= Napoleon Bonaparte Moore =

American politician (1832–1910)

Napoleon Bonaparte Moore (September 7, 1832 – August 2, 1910) was an American judge and politician.

Moore was born in London, Ohio, on September 7, 1832, and worked for his father's dry goods store between the ages of eight and fourteen, when he enrolled in Wesleyan University in Delaware, Ohio. Aged 18, Moore moved to a farm to improve his health, where he remained until he was 21. He then moved to Charleston, Ohio, and ran his own business until 1855. With his health again deteriorating, Moore settled in Eddyville, Iowa, and found work as a teacher. In two years, Moore also passed the bar exam, subsequently relocating to Bedford, Iowa, to practice law. In 1860, Moore relocated to Clarinda, Iowa, where he reestablished his law firm. From 1867, he lived on a farm near Clarinda.

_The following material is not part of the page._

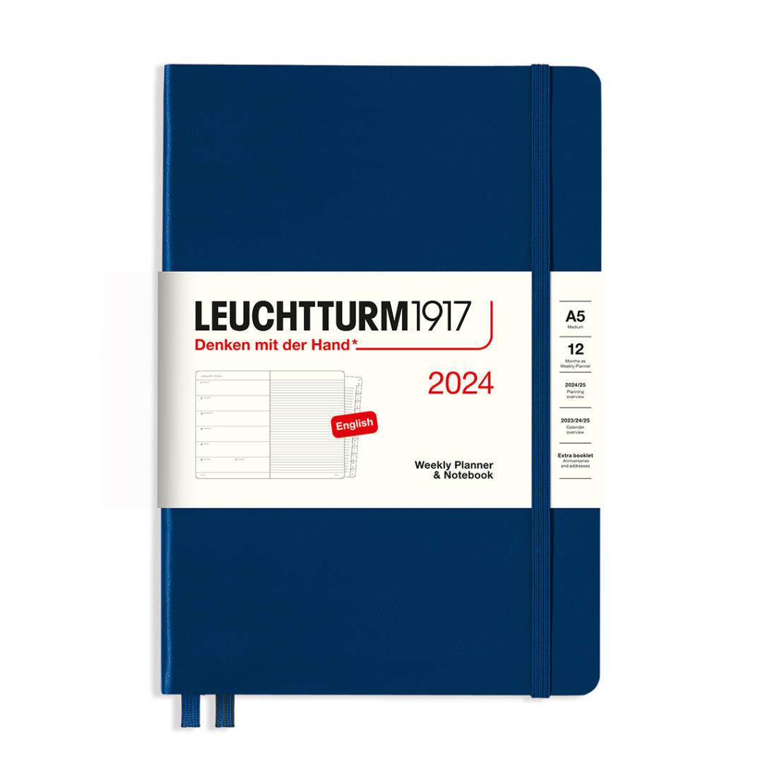 Leuchtturm1917 A5 Medium Hardcover Weekly Planner & Notebook with Booklet 2024 - Navy

Between 1861 and 1865, Moore served as a Page County judge. After stepping down from the judgeship, Moore began the first bank in southwestern Iowa, and was elected to the Iowa Senate in 1867. More held the District 8 seat from January 13, 1868, to January 7, 1872, as a Republican. Moore remained active in the financial sector as well, founding the First National Bank of Clarinda in 1871, the Shenandoah-based Moore and Webster in 1872, and Crum, Moore and Van Fleet in Bedford in 1873, which later became the Bedford Bank. From 1881 to 1885, Moore was mayor of Clarinda.

Moore was a Methodist, and attended a general conference held in Baltimore, Maryland, in May 1876. He was affiliated with York Rite Freemasonry, attained the 32nd degree in 1859, and was prelate of the local commandery. Following retirement in 1888, Moore lived in Fort Worth, Texas, where he died on August 2, 1910.